WHAT THE TASK ASKS:
An exact transcription is needed, beginning at the line with "Nottinghams City Ground" and ending at the last line of the listing, with pictures left out and nothing else added.

DATASET ENTRIES:
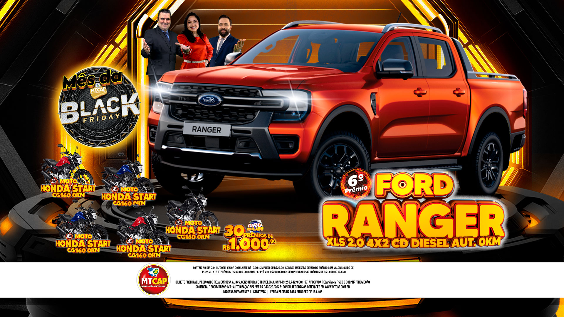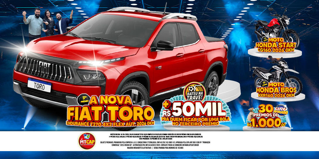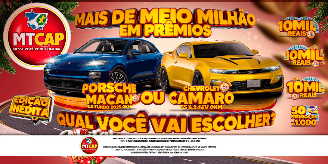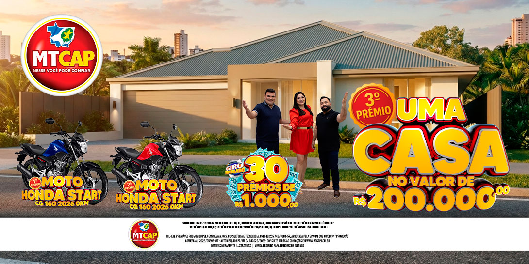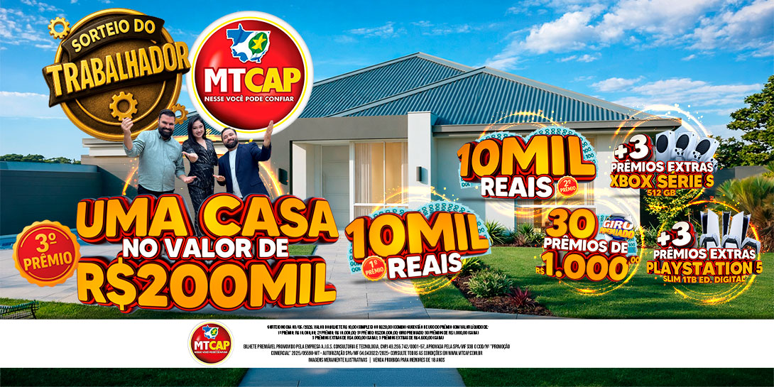 O BILHETE PREMIÁVEL MTCAP, promovida pela empresaA J G S CONSULTORIA E TECNOLOGIA CNPJ 49.255.742/0001-57, aprovada pela SPA/MF sob código/número “Promoção Comercial” 2025/05598 – MT, com sede na Rua Laika, 1994, Sala A, bairro Renascença, Teresina/PI, aprovada pela SPA/MF Certificado de Autorização nº 04.043922/2025– MTe Processo n° 17377.004473/2025-77 – MT, com base legal na Lei Federal nº 5.768/1971.Poderão ser consultadas no endereço eletrônico https://scpc.seae.fazenda.gov.br/scpc/consulta_codigo_autenticacao.jsf de acordo com o número da SPA processo constante neste regulamento.É PROIBIDA A VENDA PARA MENORES DE 18 ANOS.
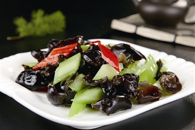 西芹200克,干黑木耳30克,大蒜3瓣,红椒半个,食用油适量,盐适量,鸡精少许,生抽1汤匙。
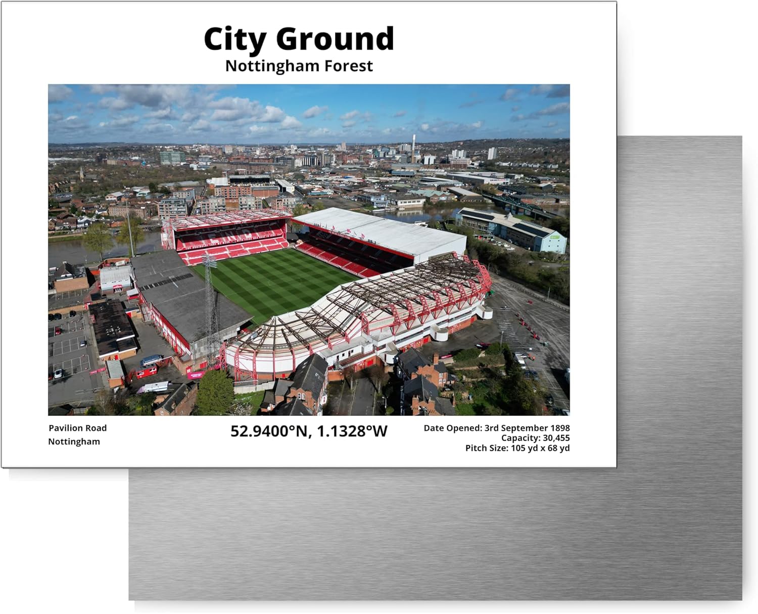 Nottinghams City Ground Metal Plaque – 200mm x 150mm – Coordinates Gift for Forest Fans
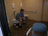 trips, Kevin sometimes likes to go to the bathroom and pretend he's
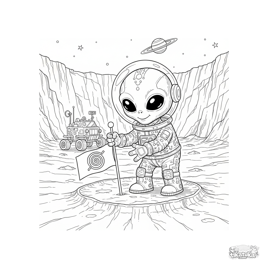 Página para colorear difícil para niños 8-12: un alienígena amigable planta una bandera en la superficie de un cráter lunar. Alto detalle, estilo realista.
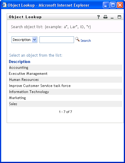 The user can select a value from the list to populate the control. The attribute displayed in the drop-down list ( in the above example) is specified in the directory abstraction layer. You specify it in the attribute’s UIControl property. See Attribute UI Control Properties. The availability of this button is controlled by the Show object selector property. |
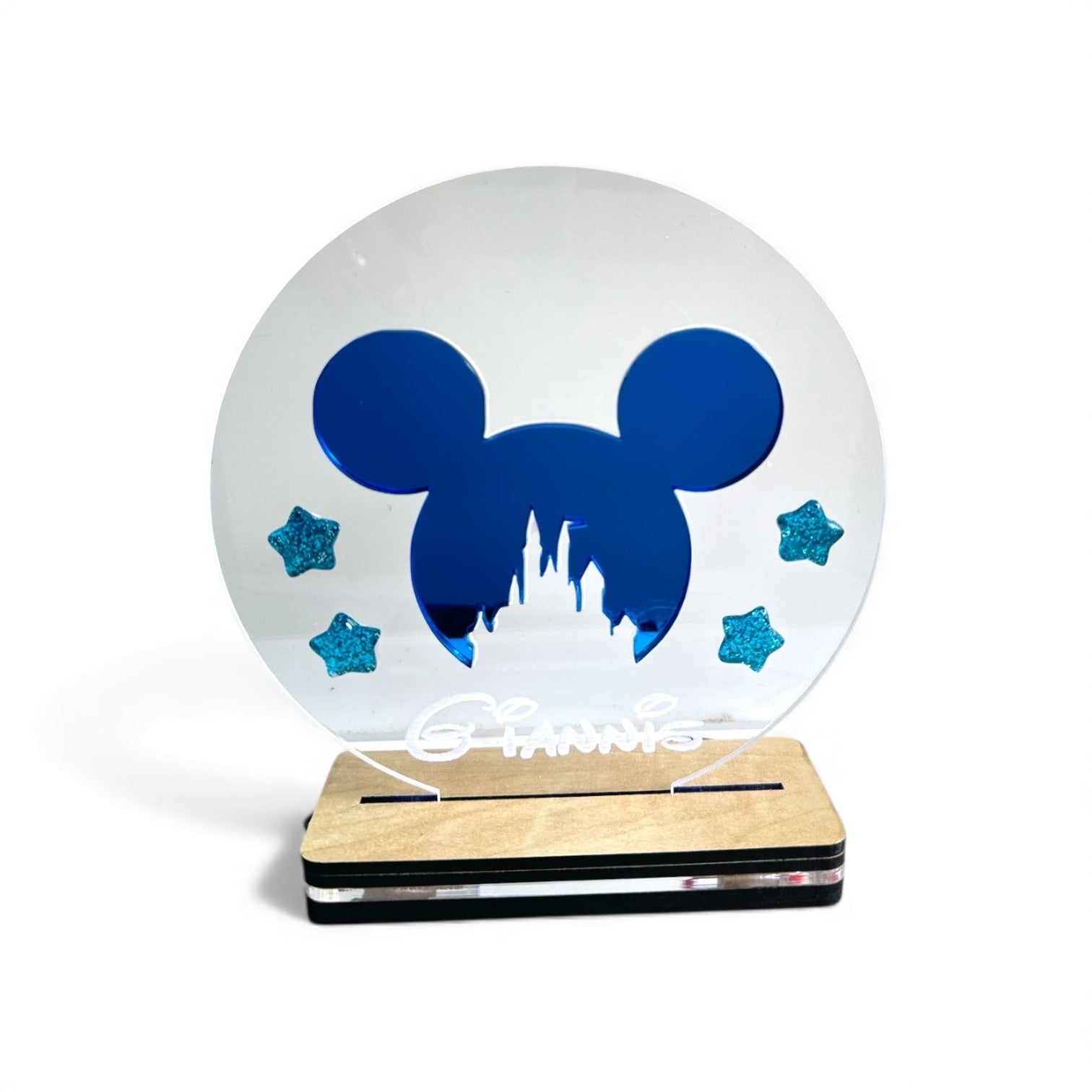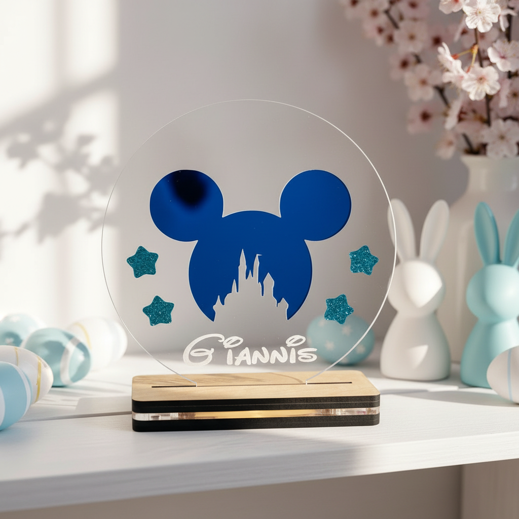 Επιτραπέζιο LED φωτιστικό με φιγούρα Μίκυ, σχεδιασμένο για παιδικά δωμάτια και θεματικές συλλογές δώρου υψηλής αναγνωρισιμότητας. Η ακρυλική πλακέτα διακοσμείται με απλικέ φιγούρα Μίκυ από πλεξιγκλάς καθρέφτη, σε συνδυασμό με διακοσμητικά αστεράκια, δημιουργώντας ένα φωτεινό και playful αποτέλεσμα.

REPLY TO THE EXERCISE:
 Nottinghams City Ground Metal Plaque – 200mm x 150mm – Coordinates Gift for Forest Fans
 trips, Kevin sometimes likes to go to the bathroom and pretend he's
 Página para colorear difícil para niños 8-12: un alienígena amigable planta una bandera en la superficie de un cráter lunar. Alto detalle, estilo realista.
 The user can select a value from the list to populate the control. The attribute displayed in the drop-down list ( in the above example) is specified in the directory abstraction layer. You specify it in the attribute’s UIControl property. See Attribute UI Control Properties. The availability of this button is controlled by the Show object selector property. |
 Επιτραπέζιο LED φωτιστικό με φιγούρα Μίκυ, σχεδιασμένο για παιδικά δωμάτια και θεματικές συλλογές δώρου υψηλής αναγνωρισιμότητας. Η ακρυλική πλακέτα διακοσμείται με απλικέ φιγούρα Μίκυ από πλεξιγκλάς καθρέφτη, σε συνδυασμό με διακοσμητικά αστεράκια, δημιουργώντας ένα φωτεινό και playful αποτέλεσμα.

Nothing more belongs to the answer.